The Eiger is located above the Lauterbrunnen Valley to the west and Grindelwald to the north in the Bernese Oberland region of the canton of Bern. It forms a renowned mountain range of the Bernese Alps together with its two companions: the Jungfrau (4158 m) about 5.6 km southwest of it and the Mönch (4107 m) about in the middle of them. The nearest settlements are Grindelwald, Lauterbrunnen (795 m) and Wengen (1274 m). The Eiger has three faces: north (or more precisely NNW), east (or more precisely ESE), and west (or more precisely WSW). The northeastern ridge from the summit to the Ostegg (lit.: eastern corner, 2709 m), called Mittellegi, is the longest on the Eiger. The north face overlooks the gently rising Alpine meadow between Grindelwald (943 m) and Kleine Scheidegg (2061 m), a mountain railways junction and a pass, which can be reached from both sides, Grindelwald and Lauterbrunnen/Wengen – by foot or train.

Politically, the Eiger (and its summit) belongs to the Bernese municipalities of Grindelwald and Lauterbrunnen.

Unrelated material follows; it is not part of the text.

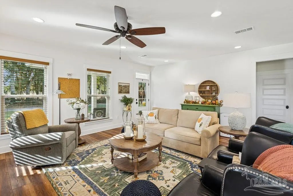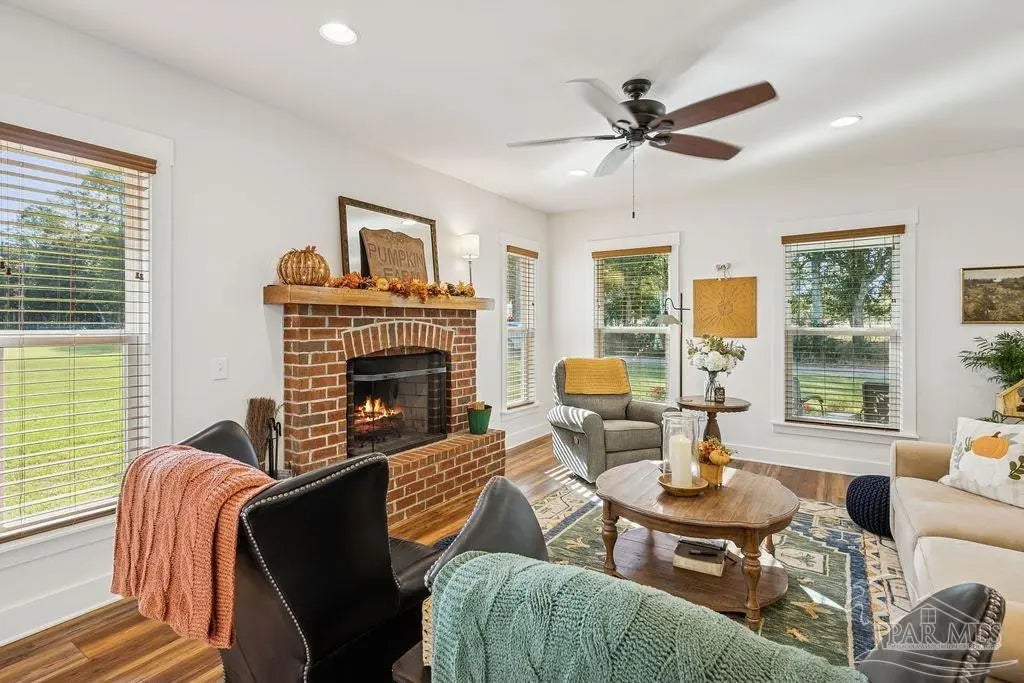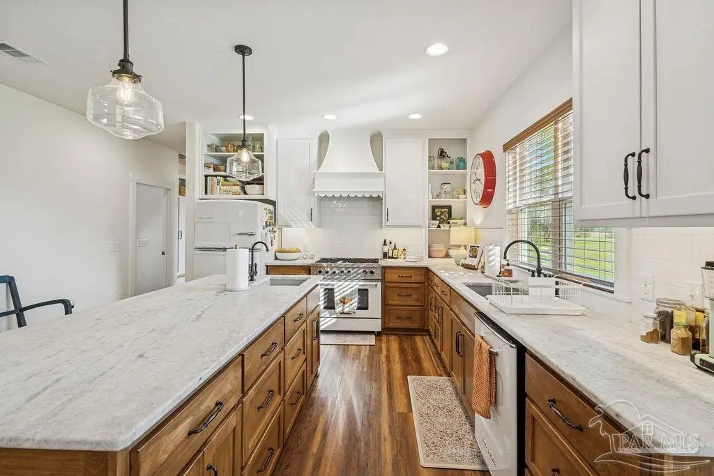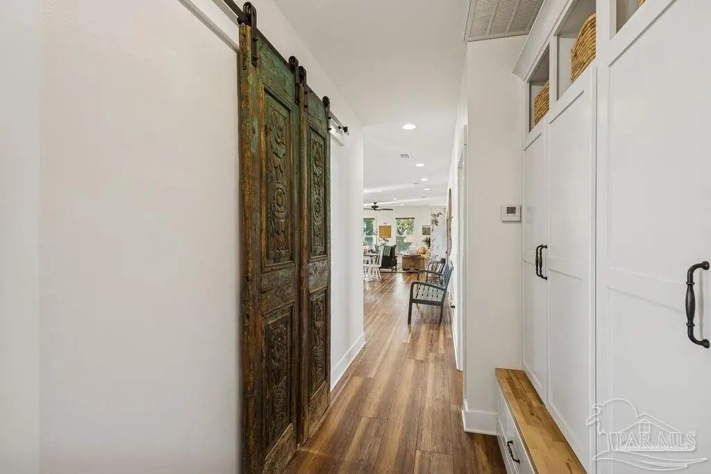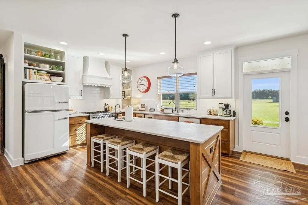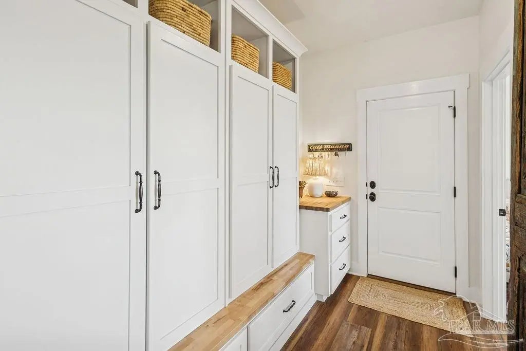 Beautifully designed home on 5 scenic acres surrounded by high-end estates. Ideally located just 5 minutes to Five Points and 20 minutes to Pensacola, this property features 2,263 sq ft of well-planned living space, a 30x50 insulated red-iron workshop, and quality finishes throughout. Interior highlights include LVP flooring, a wood-burning fireplace, and soft-close cabinetry paired with leathered Dolomite countertops and Big Chill appliances, including a gas range. The kitchen offers a tile backsplash, built-in pantry shelving with a charming screen door, and a separate mudroom entry with beautiful built-ins. The primary suite includes a walk-in closet with built-ins, a drop-in tub, and a marble walk-in shower. Additional bedrooms feature a 1 bedroom w a private en-suite and 2 additional bedrooms sharing a hallway bath with dual sinks and hallway linen storage. Additional features include: • Whole-home air purifier integrated into HVAC • Spray-foam insulation • Two 50-gallon electric water heaters • Screened back porch with dual exterior doors & transoms • Spacious laundry room with Charles Phillips barn doors • Well with pH neutralizer and filtration system Exterior amenities include a 30x50 engineered red-iron shop (25x30 enclosed + 25x30 carport) with concrete flooring, RV hookup (50 amp), generator switch, concrete drive, gutters, irrigation, wet-weather pond, and fencing. 3500 Red Ryder Lane offers the perfect balance of luxury, privacy, and convenience in a highly desirable Northwest Florida setting.

The Kleine Scheidegg (literally, the small parting corner) connects the Männlichen-Tschuggen range with the western ridge of the Eiger. The Eiger does not properly form part of the main chain of the Bernese Alps, which borders the canton of Valais and forms the watershed between the Rhine and the Rhône, but constitutes a massive limestone buttress, projecting from the crystalline basement of the Mönch across the Eigerjoch. Consequently, all sides of the Eiger feed finally the same river, namely the Lütschine.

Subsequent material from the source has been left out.